Cockroaches are an unwanted sight in a restaurant, but there's a better chance that improper food heating, cooling and storage methods will make diners sick.
Research into which food safety rules are most linked to foodborne illness is giving Twin Cities restaurant inspectors new tools to target unsafe kitchen activities that put customers particularly at risk. Inspectors for Minneapolis and St. Paul found more than 4,800 such violations at about 1,500 restaurants last year, according to a Star Tribune analysis.
"Each time you have one of these, that's like buying a … ticket to the foodborne illness lottery," said Dan Huff, environmental health director for the city of Minneapolis.
The foodborne illness risk factors, outlined by the Food and Drug Administration and the Centers for Disease Control, are a smaller subset of rules than those deemed "critical" under the state's food code.

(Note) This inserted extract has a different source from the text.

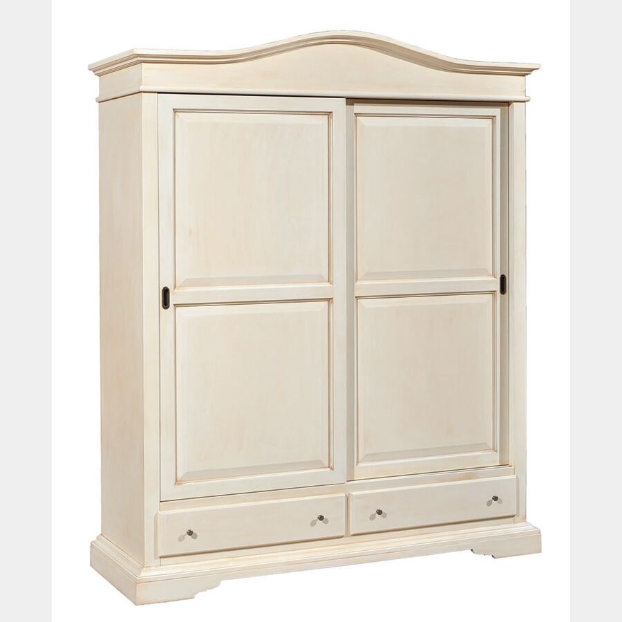 Armadio di pregevole fattura a 2 ante scorrevoli. La parte inferiore viene proposta con due cassetti portabiancheria di ampie dimensioni. Finitura Avorio Patinato.

They center on inadequate cooking, food kept at the wrong temperatures, dirty equipment, food from unsafe sources and poor personal hygiene.

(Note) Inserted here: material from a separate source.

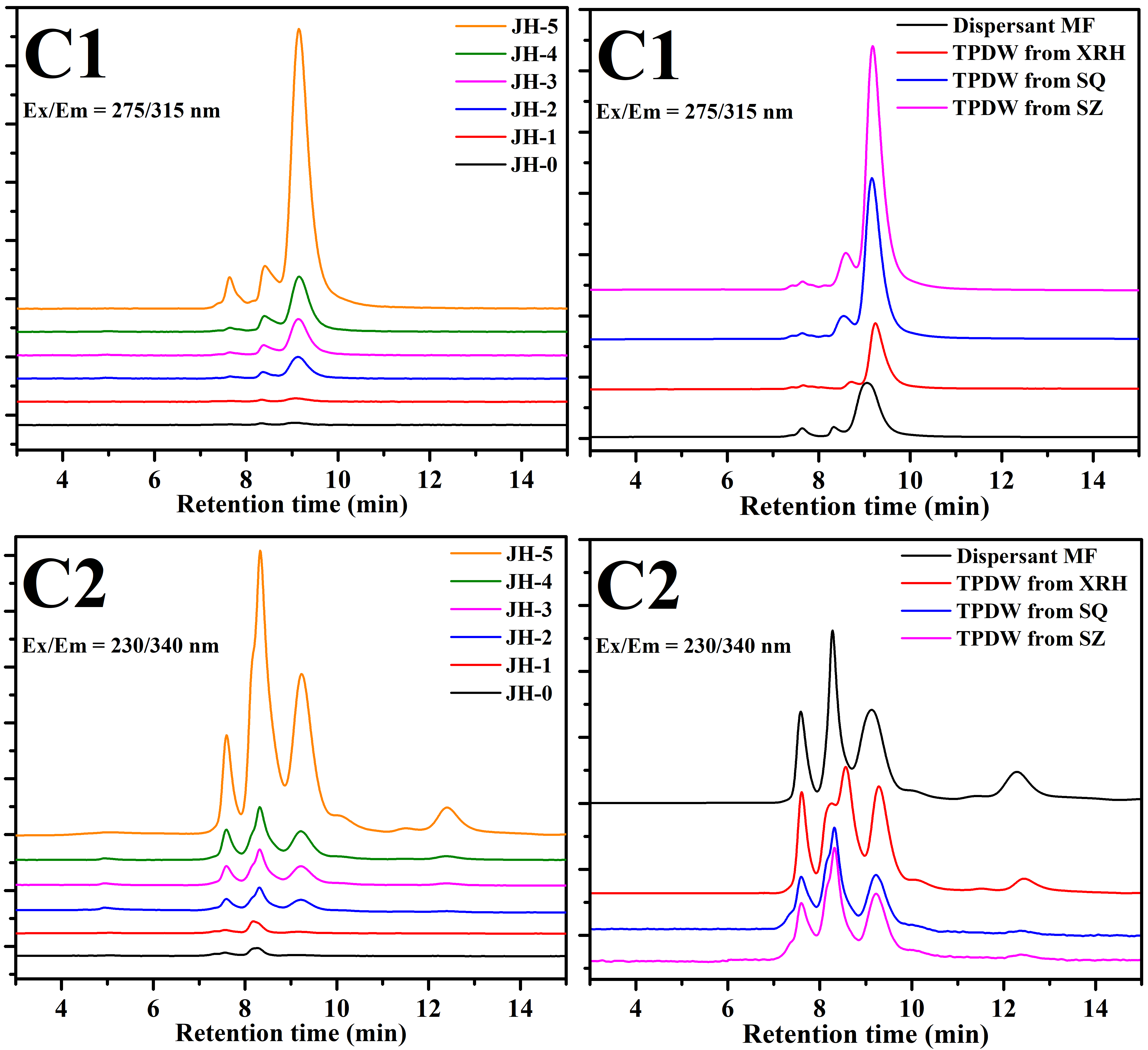 Figure 2 Apparent molecular weight distribution characteristics of fluorescent dissolved organic compounds in the water body of Beijing-Hangzhou Grand Canal in southern Jiangsu region (JH-0 to JH-5), textile printing and dyeing wastewater (XRH, SQ, SZ), and Dispersant MF at specific fluorescence excitation/emission wavelength pairs (C1: Ex/Em = 275/315 nm; C2: Ex/Em = 230/340 nm)

Minneapolis has recently begun analyzing those violations more closely, hoping to give them priority in determining which restaurants need extra attention. The Minnesota Department of Health is also crafting updates to the state's food code that would give the most weight to violations that could lead to illness.
Not having a plumbing device that prevents a sink from sucking up dirty water is a critical violation, for example, but it is not considered a top risk factor for illness. Cooling a vat of hot soup too slowly, however, is both a critical violation and a foodborne illness risk since it can lead to bacteria growth that sickens customers. The new approach would prioritize the soup temperature over the sink.
Tougher inspections
Minneapolis' analysis comes after the city revamped its food inspections in the wake of a poor 2010 state audit. It now has eight more inspectors who speak a multitude of languages and spend more time on educating restaurant employees. A re-evaluation from the state this winter resulted in perfect or near-perfect grades.
"We got a lot better as inspectors, which means we got a lot stricter," Huff said.